▸ Exercise
Leave the pictures aside. Retype exactly the lines from the top of the data below through the one holding "Nu, – es fahrt.".

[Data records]
<<<<

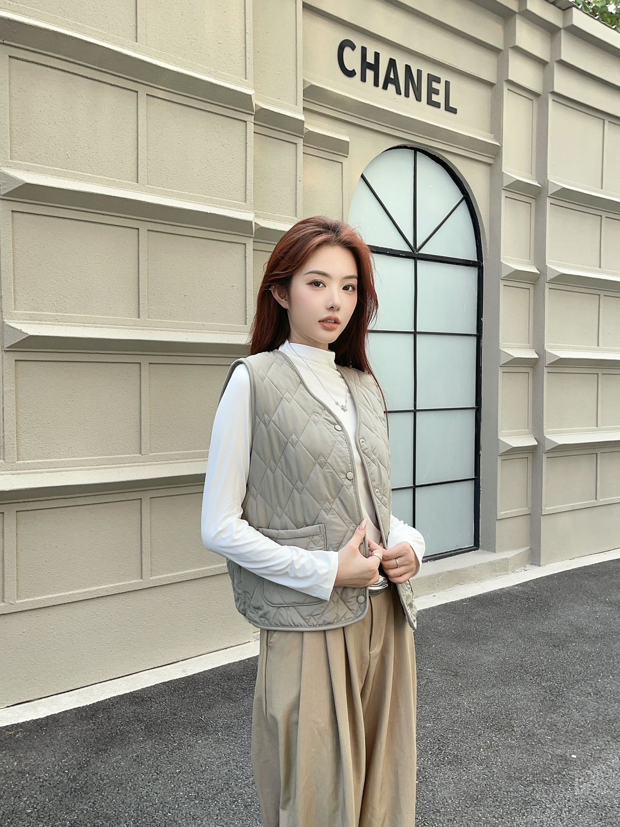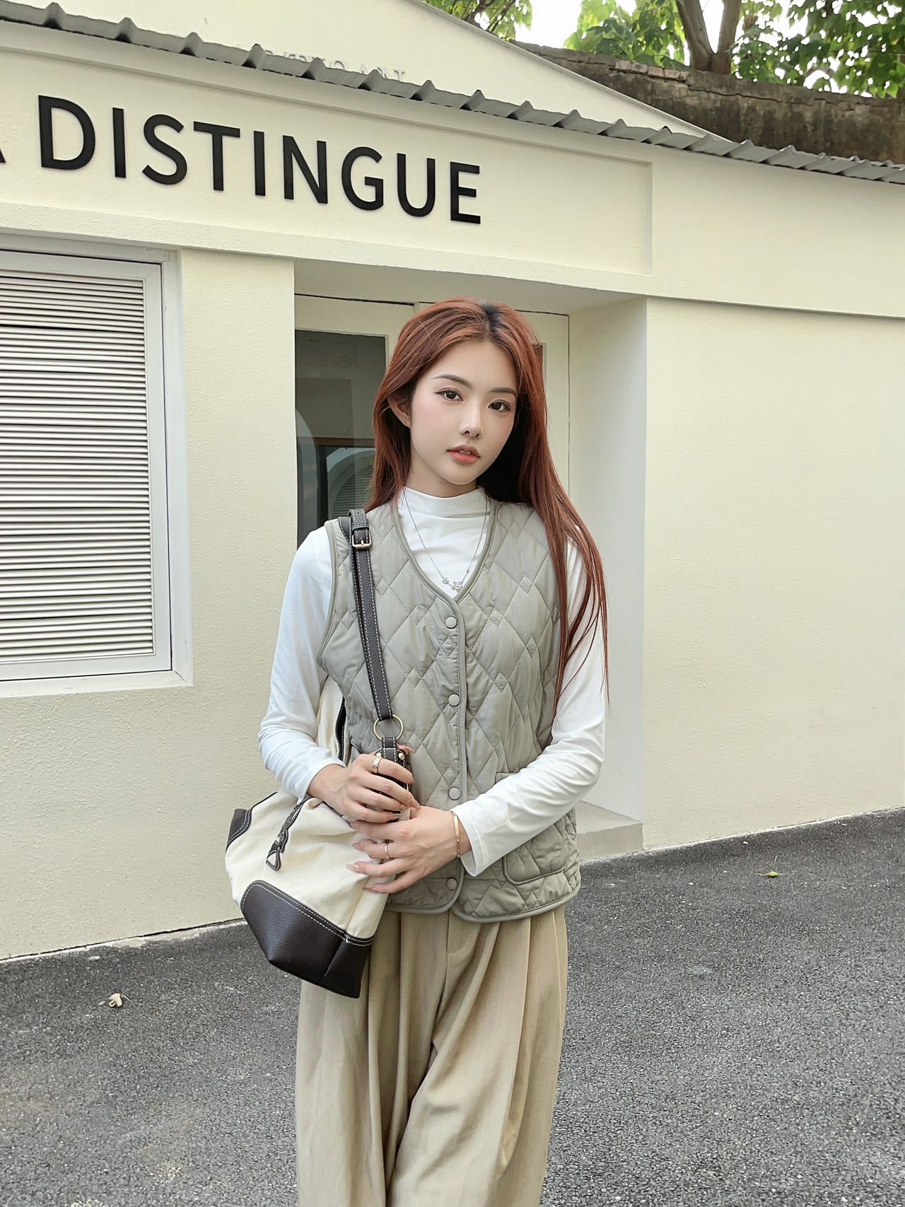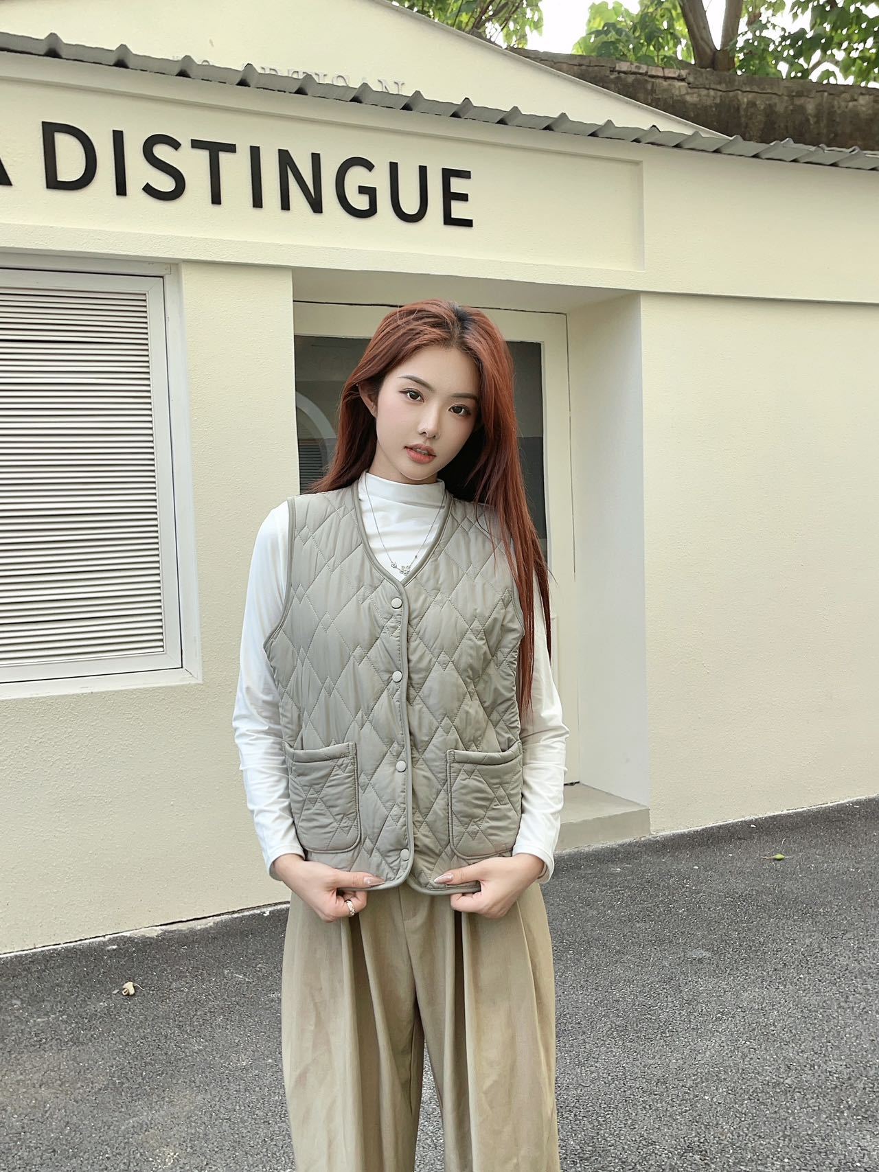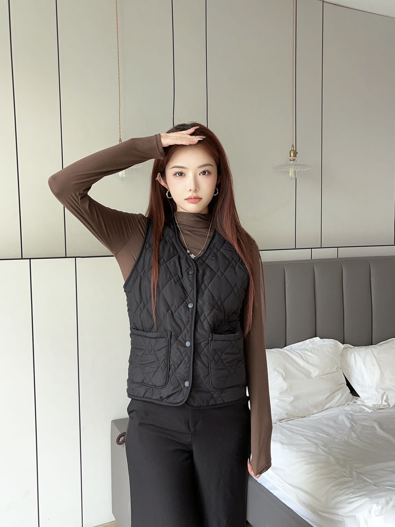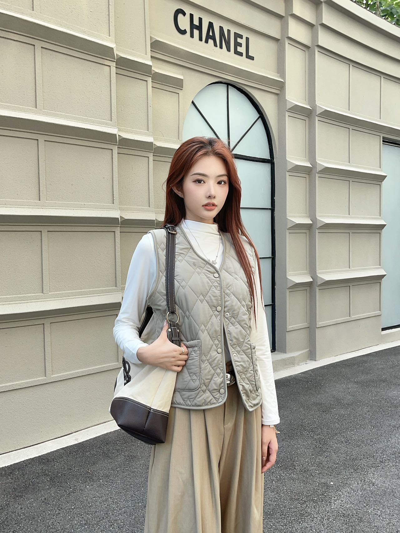Геометрический стеганый легкий V-образный воротник женский жилет осень-зима
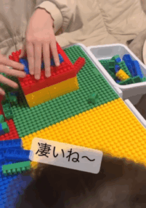 すると、お姉ちゃんがブロックを組み立てる様子を見ていた妹ちゃんは、パチパチと手をたたきながら、「凄いね~!」「じょうずじゃーん!」と、大絶賛!お姉ちゃんを全力で褒めはじめたのです。
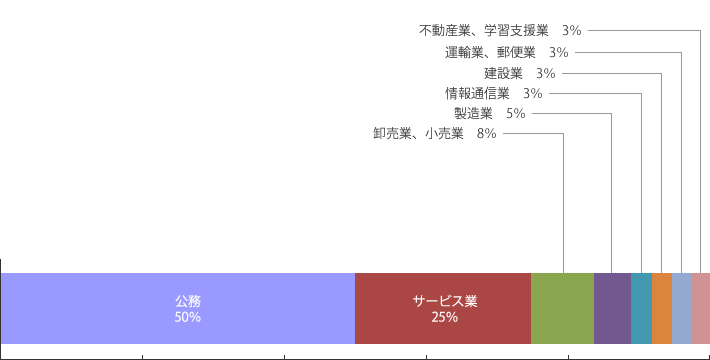 | 公務員 | 法務教官 / 警視庁警察官 / 大阪府警察官 / 奈良県警察官 / 和歌山県警察官 / 奈良県庁 / 大阪市役所 / 豊中市役所 / 和泉市役所 / 羽曳野市役所 / 富田林市役所 / 大阪狭山市役所 / 橿原市役所 / 西脇市役所 / 雲南市役所 / 湖南市役所 / 長久手市役所 / 堺市役所(社会福祉職員) / 大阪市職員(社会福祉職員) / 岸和田市役所 / 大阪府義務教育諸学校事務職員 / 太子町役場 / 日高川町役場 |
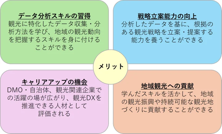 試験を通じて、観光分野におけるデータ分析やDX(デジタルトランスフォーメーション)の基礎知識を身につけることができる。
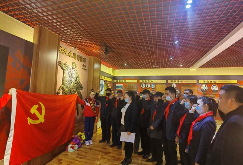 捐赠仪式后,一行人来到县敬夫小学烈士纪念馆,小解说员详细地解说了敬夫小学校名的由来和赵敬夫(原名白长岭)的一生。参加活动所有人重温入党誓词,面对火红的党旗,重温铿锵的誓言,革命精神在这一刻得到新的洗礼,党员思想得到新的提升。此次参观烈士纪念馆使党员们的心灵受到了一次净化,对英雄的崇敬之情油然而生,激发了强烈的爱国主义和集体主义精神。
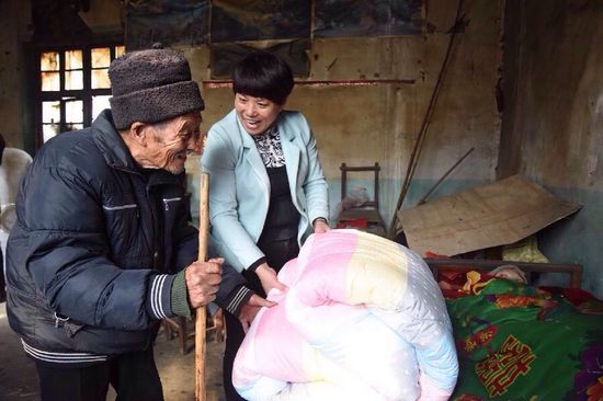 雙堠鎮(zhèn)黨委工作人員給老人送來新棉衣被,老人很高興。
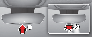 Povucite polugu za dan/noć prema sebi (2) za smanjenje odsjaja prednjih svjetala vozila iza vas, tijekom noćne vožnje.
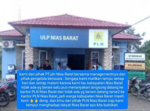 Lanjut S.H mengatakan apa bila dalam waktu dekat tidak bisa di atasi pemadaman listrik negara di wilayah nias barat ini oleh maneger PT.PLN persero tbk.ULP nias barat barat akan turun demo di kantor ULP nias barat karena mengingat dan menimbang Bulan dua belas dan bulan januari 2026 itu masyarakat sangat butuh penerangan listrik kerena kita menyambut hari kebahagian Seluruh dunia.
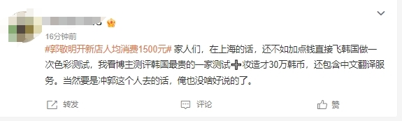 还有网友对比去韩国做色彩测试的价格,称看博主测评韩国最贵的一家做测试再加上妆造才30万韩币(约合人民币1575元)。
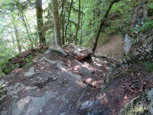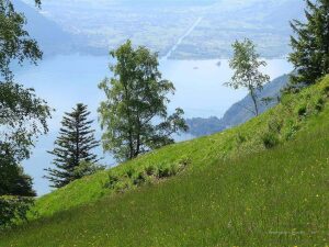 Nu, – es fahrt. Bis ueche zum Beizli Weid, wo o alles mit Sälbschtbedienig louft. Lüt si äbe tüür, o hie! Nach me Kafi loufe n i nidsi. Es isch teilwys (mooremässig) steil u rütschig. I ha zwar die höche Schueh anne, aber d Stäcke ha n i grosszügig im Hotäl g’lah.
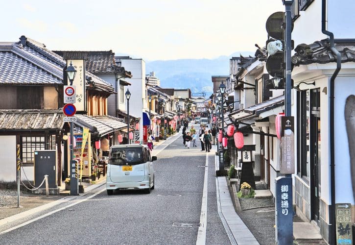 Mamedamachi in Hita City deserves special attention. This preserved Edo-period merchant quarter has earned the nickname “Little Kyoto of Kyushu”. Rows of white-walled kura storehouses, traditional merchant houses, and old sake breweries line the streets.
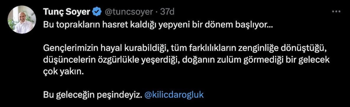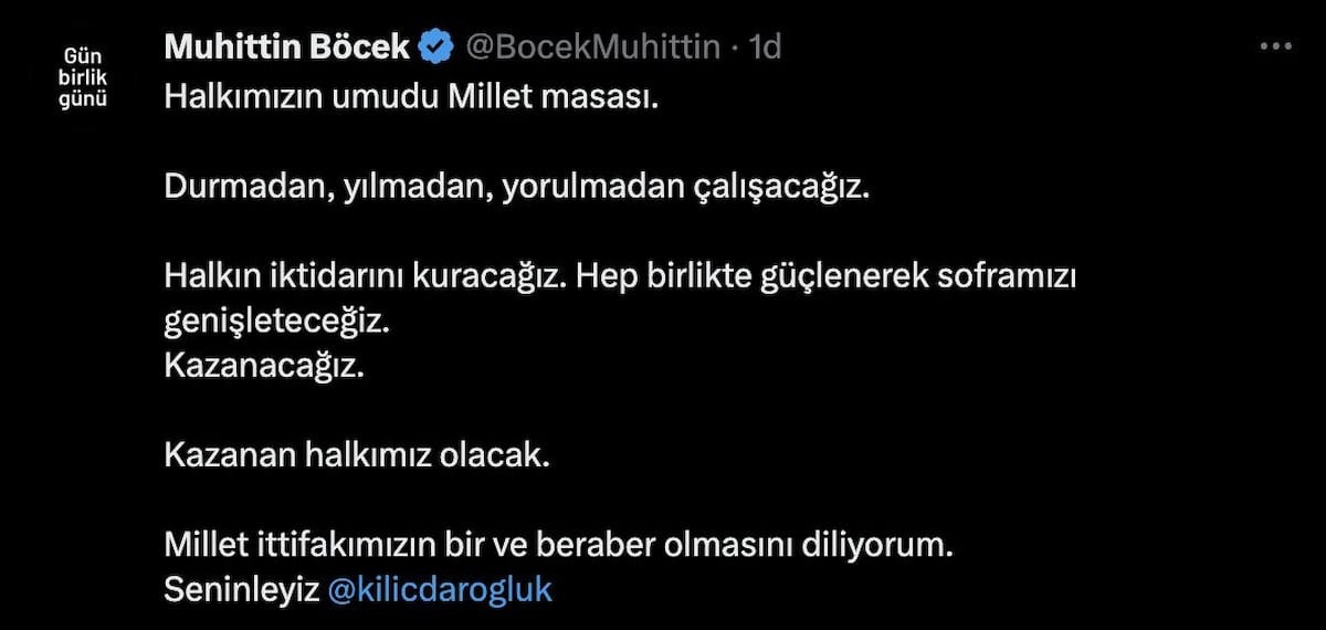 Millet İttifakı halkımızın içinden geçtiği zor bir dönemde ağır bir sorumluluk alarak devleti etkin ve demokratik, toplumu huzurlu ve zengin kılma iradesiyle kurulmuş bir siyasi birliktir. Milletimize çaresiz, umutsuz ve yalnız olmadıklarını göstereceklerine inanıyorum. CHP'nin öz evladı ve Millet İttifakı'nın Belediye Başkanı olarak milletimizin arzu ettiği birlik içinde, ittifak masasında irademizi temsil eden Sayın Kılıçdaroğlu'nun ve Millet İttifakı'nın eksilmeden çoğalarak büyüyeceğinden şüphem yoktur.
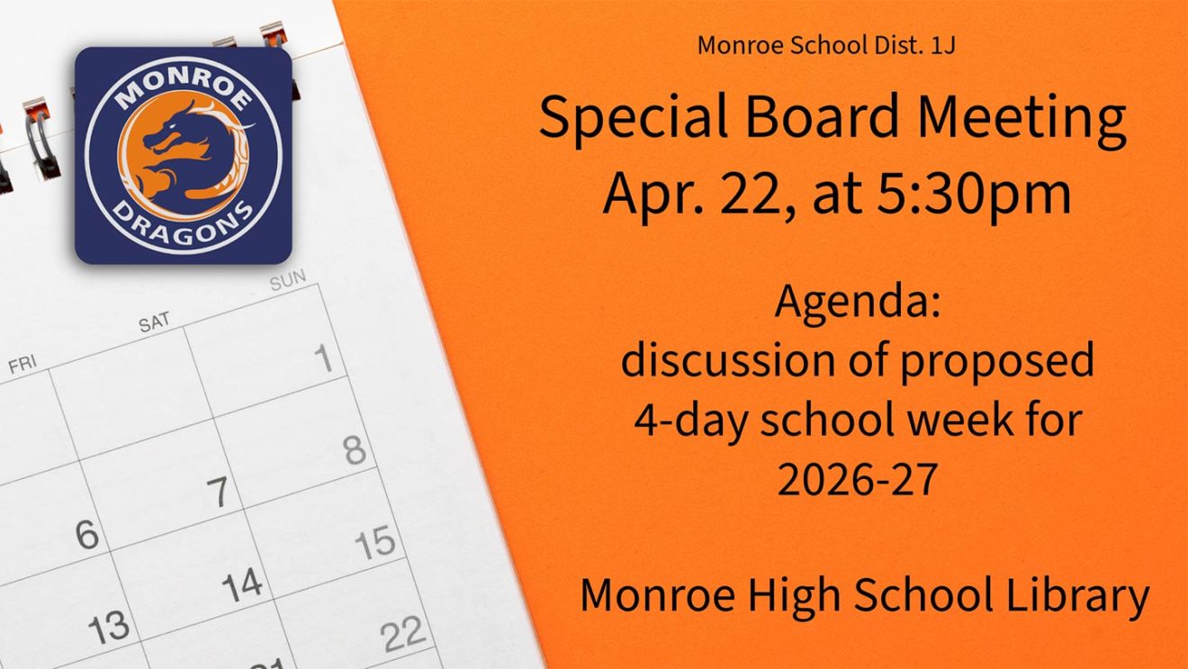 Special Board Meeting (April 22, 2026) April 14, 2026 Special Board Meeting April 22, 2026 at 5:30 p.m. – High School Library Agenda: Discussion of proposed 4-day school week for 2026-27 Share Share
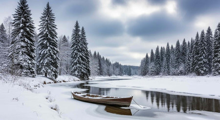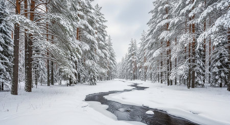 Beautiful winter landscape in the forest with a river and snow covered trees
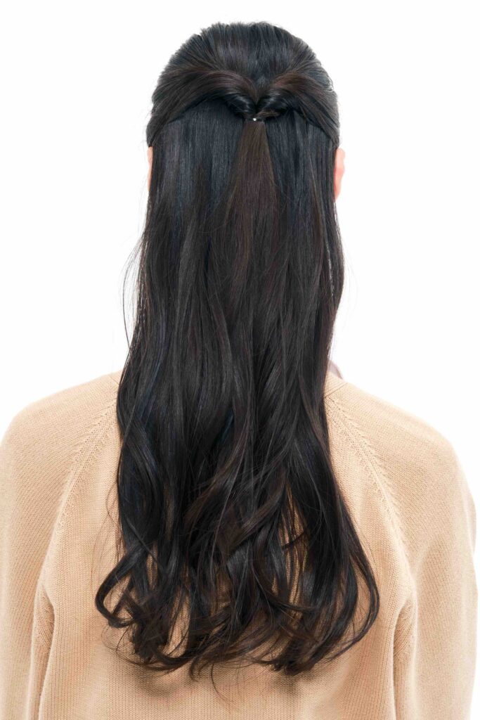 ①ふわっと感が出るように、ベースはミックス巻きにする。ハーフアップをしたら、くるりんぱに。
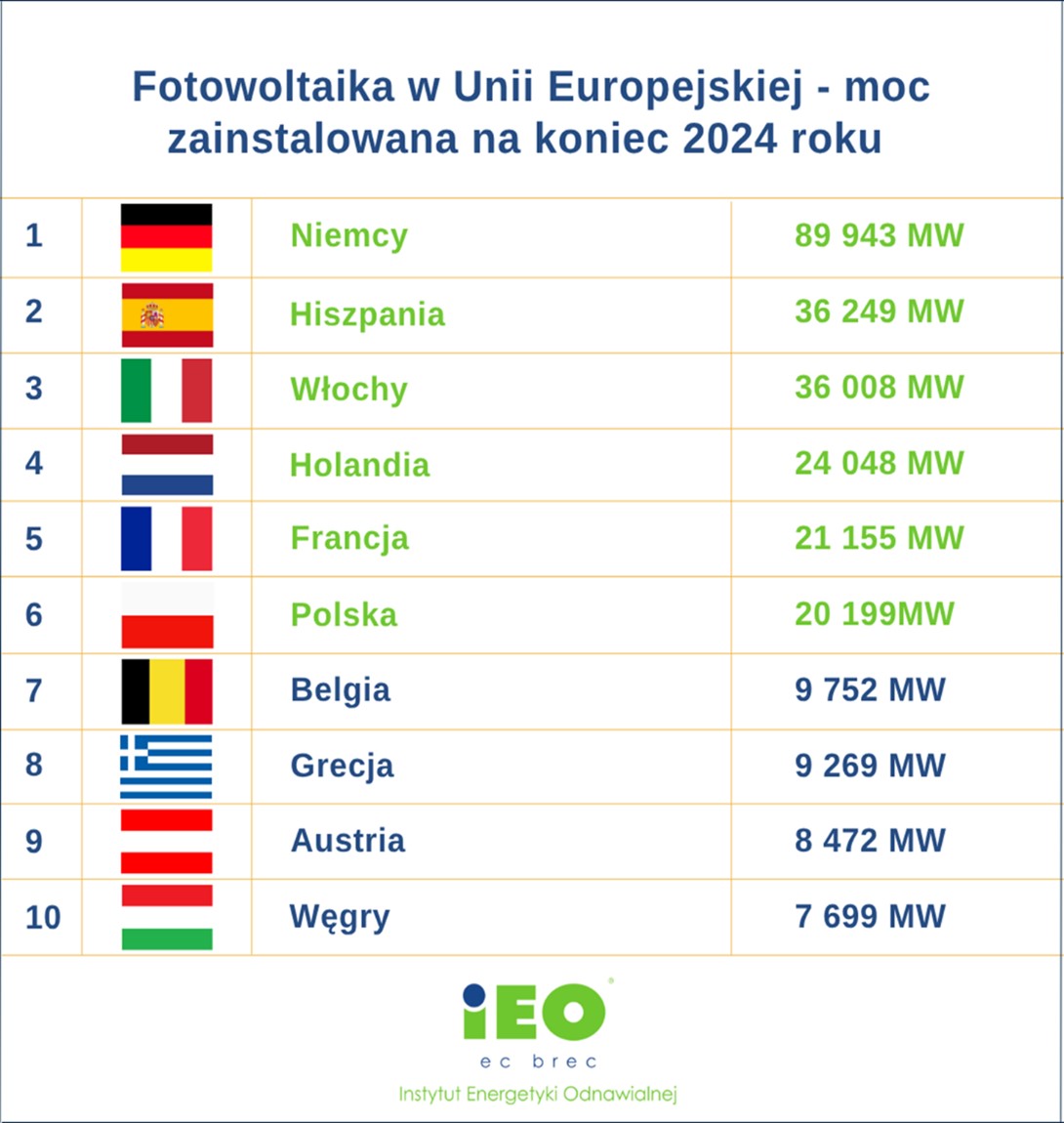 Instytut Energetyki Odnawialnej opublikował XIII edycję raportu „Rynek fotowoltaiki w Polsce 2025”. Wartość inwestycji w moce PV przekroczyła 12 mld zł. Pod względem przyrostu mocy PV w 2024 roku Polska zajęła 5. miejsce w UE i umocniła się na 6. miejscu pod względem skumulowanej mocy zainstalowanej, daleko wyprzedzając kolejne kraje z TOP 10.

>>>>

▸ Written solution
Геометрический стеганый легкий V-образный воротник женский жилет осень-зима
 すると、お姉ちゃんがブロックを組み立てる様子を見ていた妹ちゃんは、パチパチと手をたたきながら、「凄いね~!」「じょうずじゃーん!」と、大絶賛!お姉ちゃんを全力で褒めはじめたのです。
 | 公務員 | 法務教官 / 警視庁警察官 / 大阪府警察官 / 奈良県警察官 / 和歌山県警察官 / 奈良県庁 / 大阪市役所 / 豊中市役所 / 和泉市役所 / 羽曳野市役所 / 富田林市役所 / 大阪狭山市役所 / 橿原市役所 / 西脇市役所 / 雲南市役所 / 湖南市役所 / 長久手市役所 / 堺市役所(社会福祉職員) / 大阪市職員(社会福祉職員) / 岸和田市役所 / 大阪府義務教育諸学校事務職員 / 太子町役場 / 日高川町役場 |
 試験を通じて、観光分野におけるデータ分析やDX(デジタルトランスフォーメーション)の基礎知識を身につけることができる。
 捐赠仪式后,一行人来到县敬夫小学烈士纪念馆,小解说员详细地解说了敬夫小学校名的由来和赵敬夫(原名白长岭)的一生。参加活动所有人重温入党誓词,面对火红的党旗,重温铿锵的誓言,革命精神在这一刻得到新的洗礼,党员思想得到新的提升。此次参观烈士纪念馆使党员们的心灵受到了一次净化,对英雄的崇敬之情油然而生,激发了强烈的爱国主义和集体主义精神。
 雙堠鎮(zhèn)黨委工作人員給老人送來新棉衣被,老人很高興。
 Povucite polugu za dan/noć prema sebi (2) za smanjenje odsjaja prednjih svjetala vozila iza vas, tijekom noćne vožnje.
 Lanjut S.H mengatakan apa bila dalam waktu dekat tidak bisa di atasi pemadaman listrik negara di wilayah nias barat ini oleh maneger PT.PLN persero tbk.ULP nias barat barat akan turun demo di kantor ULP nias barat karena mengingat dan menimbang Bulan dua belas dan bulan januari 2026 itu masyarakat sangat butuh penerangan listrik kerena kita menyambut hari kebahagian Seluruh dunia.
 还有网友对比去韩国做色彩测试的价格,称看博主测评韩国最贵的一家做测试再加上妆造才30万韩币(约合人民币1575元)。
 Nu, – es fahrt. Bis ueche zum Beizli Weid, wo o alles mit Sälbschtbedienig louft. Lüt si äbe tüür, o hie! Nach me Kafi loufe n i nidsi. Es isch teilwys (mooremässig) steil u rütschig. I ha zwar die höche Schueh anne, aber d Stäcke ha n i grosszügig im Hotäl g’lah.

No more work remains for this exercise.